Une tendance à légiférer en Europe... sauf en France

 

Cette fois, on ne parle plus de «déréférencer» des articles comme en Allemagne ou en Belgique, mais carrément d’arrêter un service.  A travers Google Actualités, le moteur utilise en effet de courts extraits d’articles dont il reproduit le titre, une photo et trois lignes de texte.

 

Faut-il faire payer Google? Jusqu’à présent, aucune contrepartie financière n’était versée aux médias en Espagne. Avec son agrégateur d’actualités sans publicité, et à condition que les internautes ne se contentent pas des trois lignes de texte, Google Actualités oriente l’audience vers les sites de presse. Faut-il lui tenir tête au risque d’être écarté?
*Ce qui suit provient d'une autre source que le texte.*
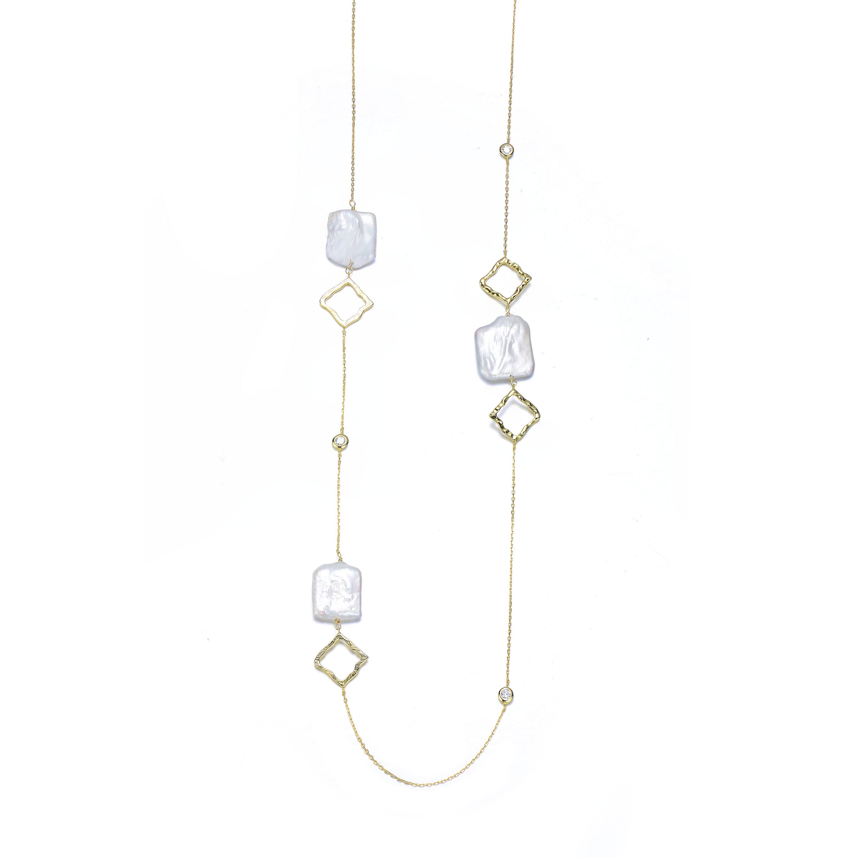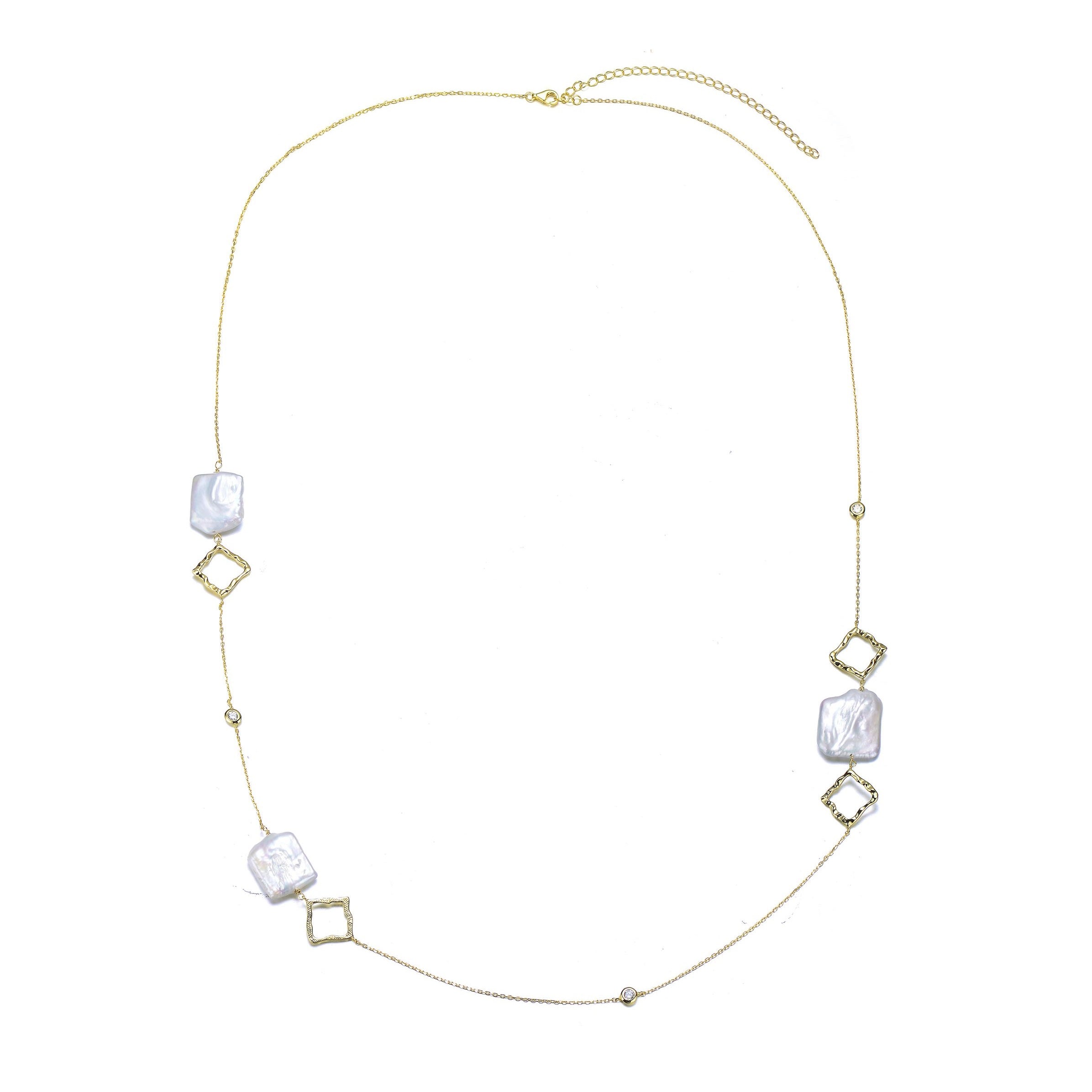 Elegant Sterling Silver with Gold Plating, Freshwater Pearl and Cubic Zirconia Station Necklace. This necklace features square-cut Freshwater pearls and -shaped gold plated metals that have uneven surface texture designs. In between sets, bezel-set round Clear Cubic Zirconia accent the piece. Crafted in .925 Sterling Silver, the jewelry is secured with a spring clasp. This necklace is perfect for a formal event. It is also an ideal present for a special ocassion.

C’est le dilemme auxquels sont confrontés les éditeurs de presse,  sachant que le moteur de recherche, au global, apporterait 25% à 40% des audiences de leurs sites.

 

C’est pourquoi le législateur espagnol a choisi de soumettre Google, comme tous les agrégateurs, à l’obligation de rémunérer les contenus. La question qui se pose maintenant est de savoir si l’on peut faire plier Google, si l’on peut exiger une contribution de ce géant mondialisé, ou s’il ne peut pas y avoir de réponse nationale.

 

En France, les éditeurs de presse ont fait le choix de pactiser avec Google en signant un accord à l'Elysée, en février 2013, de façon à bénéficier d’un fonds relativement modeste de 60 millions d’euros pour soutenir des projets de presse innovants. Le gouvernement français a de même renoncé à taxer les géants du Web pour leur optimisation fiscale, à la différence du Royaume-Uni qui vient d’annoncer une taxe Google à ce sujet.

 

Mais, s’agissant de la propriété intellectuelle, la tendance en Europe est plutôt d’en passer par le législateur. En Italie, où un recours a été déposé pour connaître les revenus publicitaires de Google, la préférence va ainsi à une loi ad hoc.

 

En Allemagne, la loi a été votée cet été, et Google a réagi en pénalisant plus de 200 médias dont il ne fait plus apparaître que les titres des articles, sans photo ni texte de présentation. Le groupe Axel Springer, chef de file de la coalition des éditeurs allemands, a dû faire machine arrière après avoir perdu 40% de ses audiences. 

 

En Belgique, les éditeurs ont été les premiers à engager un bras de fer en portant plainte. Ils ont obtenu gain de cause en 2011, ce qui a amené Google à déréférencer les éditeurs belges... qui ont finalement transigé avec un accord commercial.

 

On le voit, le rapport de forces est toujours déséquilibré en faveur du premier des agrégateurs. Seuls les éditeurs de presse brésiliens se félicitent par la voix de l'Association nationale des journaux qui regroupe 154 quotidiens: plus d’un an après avoir été déréférencés, ils estimaient qu’ils n’auraient perdu que 5% de leur audience. Et que les extraits d’articles présentés par Google réduisaient, en réalité, leurs chances d’augmenter le trafic sur leur propre site.